杨墨捧着朱标生前所译的《资治通鉴》,站在文华殿的廊下,听着殿内传来的争执声。户部尚书郁新的声音最响:“陛下春秋已高,国不可一日无储!皇次子朱樉素有贤名,镇守关中多年,理应立为太子!”
“荒谬!”翰林院学士刘三吾猛地拍响案几,“次子?那嫡长孙朱允炆呢?太子遗孤尚在,跳过孙辈立子,是要乱了宗法纲常吗?”
杨墨指尖划过书页上朱标批注的“嫡长承继,国本乃安”,喉间发紧。三日前,他在东宫整理朱标遗物时,发现了一幅未完成的《大明世系图》,朱标用朱笔在“朱允炆”名下画了圈,旁边小字写着“孙辈翘楚,性仁厚”。那时朱标已病得握不住笔,墨迹歪歪扭扭,却透着不容置疑的郑重。
“刘学士这话差矣!”魏国公徐辉祖大步走出殿门,甲胄上的铜钉在日头下闪着冷光,“国赖长君!允炆年仅十五,乳臭未干,怎能担起储君之责?秦王安分守己,燕王在北平屡破蒙元,立成年皇子,方能镇住局面!”
杨墨迎上去,将《资治通鉴》递给他:“魏国公请看,这是太子亲手批注的‘周幽王废长立幼,身死国灭’。”

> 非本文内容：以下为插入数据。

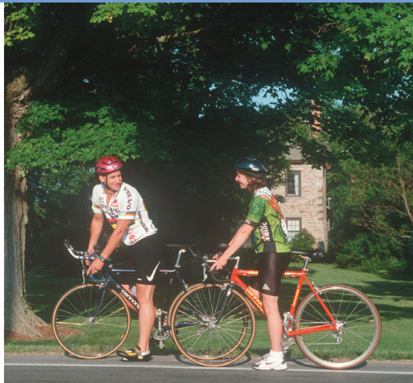
Biking in historical Clinton County

Motorists and bicyclists share scenic roads. Use caution on narrow, winding or unpaved roadway. Follow traffic laws and ride safely. Bicycles are vehicles by law and have the right to use public roads. You are responsible for operating your bicycle under all conditions.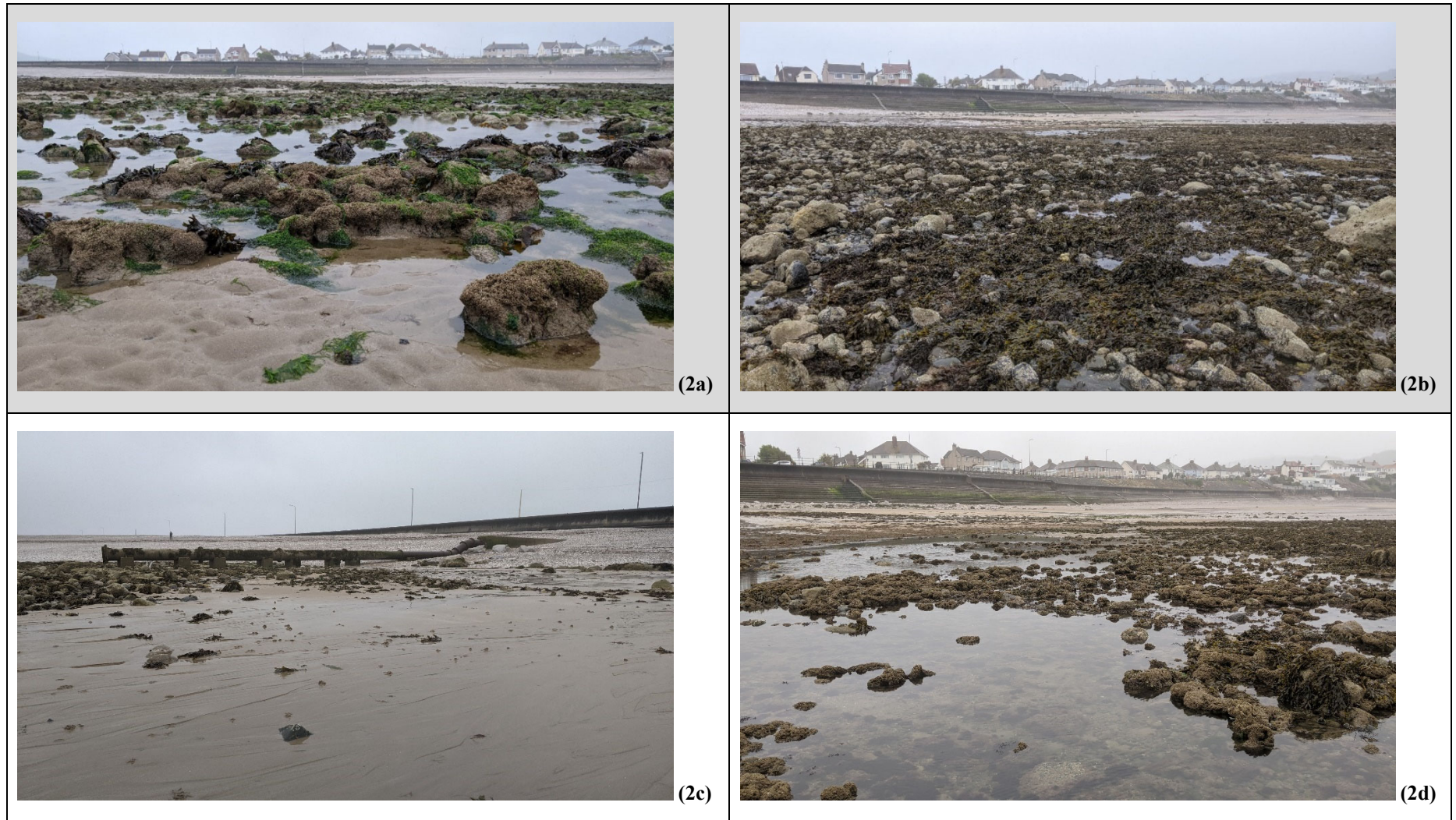
Figure 2: Top Left: Intertidal boulder habitat with Sabellaria ; beyond groyne footprint, view south. Top Right: Intertidal Boulder habitat; main area of groyne encroachment (not foreground), largely devoid of Sabellaria except for narrow band north to south. Bottom Left: Sewerage Pipeline / Outfall. Bottom Right: Eastern extent of rock groyne.

徐辉祖翻了两页,脸色沉了沉。他父亲徐达临终前曾拉着他的手说:“我朝以儒治国,嫡长宗法是根,动不得。”此刻他望着殿内争执的群臣,忽然想起父亲灵前那柄染了锈的宝剑——那是徐达随朱元璋打天下时用的,剑鞘上“忠君守礼”四个字,早已刻进徐家血脉。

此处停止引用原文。